Canada, of course, was not alone in applying pressure. Fowler was speaking for the United Nations in his capacity as chairman of the Security Council committee on Angola sanctions, which is currently engaged in a program to cut the diamond funding of Jonas Savimbi's Unita rebels in that country. Smillie represented the Canadian contingent of a worldwide NGO coalition marshalled to clamp down on the illicit diamond trade that is fuelling ongoing armed rebellion in six African states.
No matter what the source, the collective pressure clearly had an impact on De Beers, the South African-headquartered mining conglomerate, which controls 70 per of global trade in uncut diamonds. De Beers also purchases 35 per cent of the rough stones mined at Canada's Ekati operation. It is also engaged in a hostile takeover of Windspear Diamond Inc. of Vancouver, which hopes to open a diamond mine south of Ekati. And to assure consumers that their diamonds were mined legally, De Beers will offer written guarantees to that fact.

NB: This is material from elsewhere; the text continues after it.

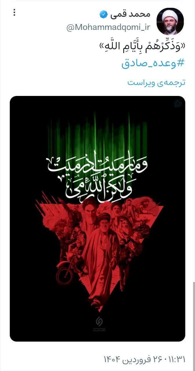 به گزارش روابط عمومی سازمان تبلیغات اسلامی، حجتالاسلام محمد قمی،رئیس سازمان تبلیغات اسلامی در واکنش به سالگرد عملیات وعده صادق یک در شبکه ویراستی با اشاره به آیه ۵ سورهی ابراهیم متنی منتشر کرد.
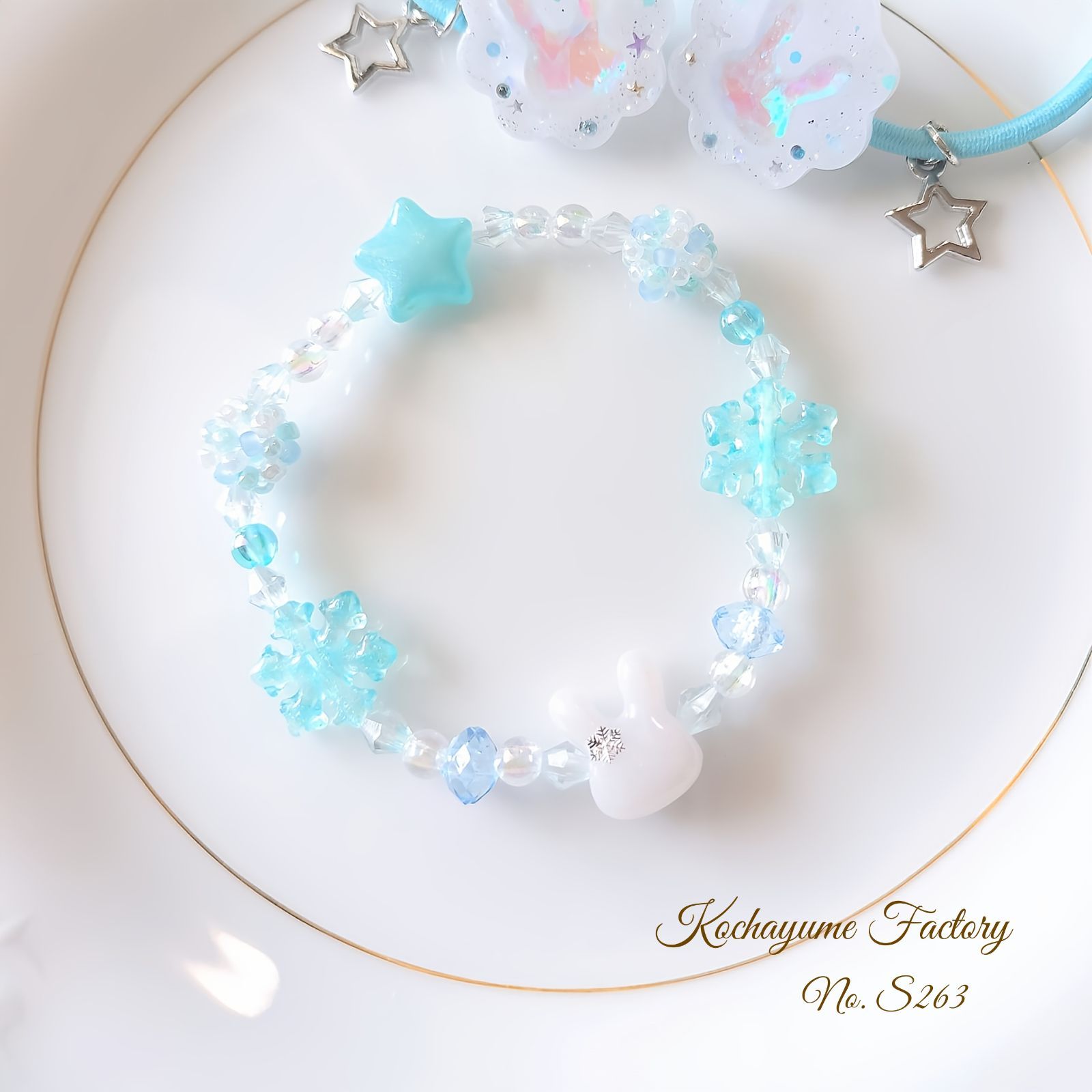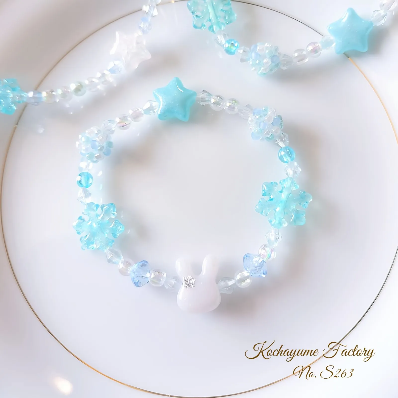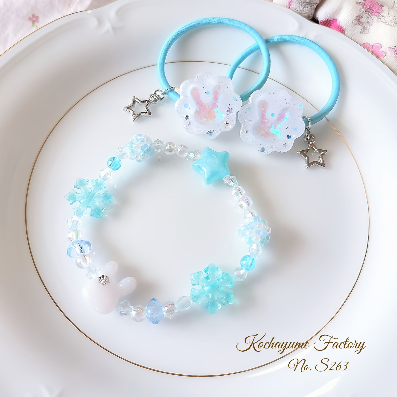 うさぎが好き、水色が好き、ゆめかわが好き、雪がキラキラしたものが好き、雪が好き、女の子らしいコーディネートが好きなお子さまにいかがでしょうか?

Some diamond manufacturers are already engaged in even more effective practices. Jamie Ben-Oliel, whose family has been in the trade in Toronto and Vancouver for 25 years, purchased a $200,000 laser last year when he opened a business in Yellowknife to cut and polish gems, many from the new Ekati mine. Every diamond that Ben-Oliel ships from the facility is now burned with the tiny symbol of a polar bear, so small that it can only be seen with a magnifying glass. "We wanted to put it on Canadian diamonds," he said, "so people will know that they are pure." According to Ben-Oliel, the system has "gone down well" with both jewelers and consumers - neither of whom want any connection with conflict diamonds, whose gleam is stained with the blood of thousands.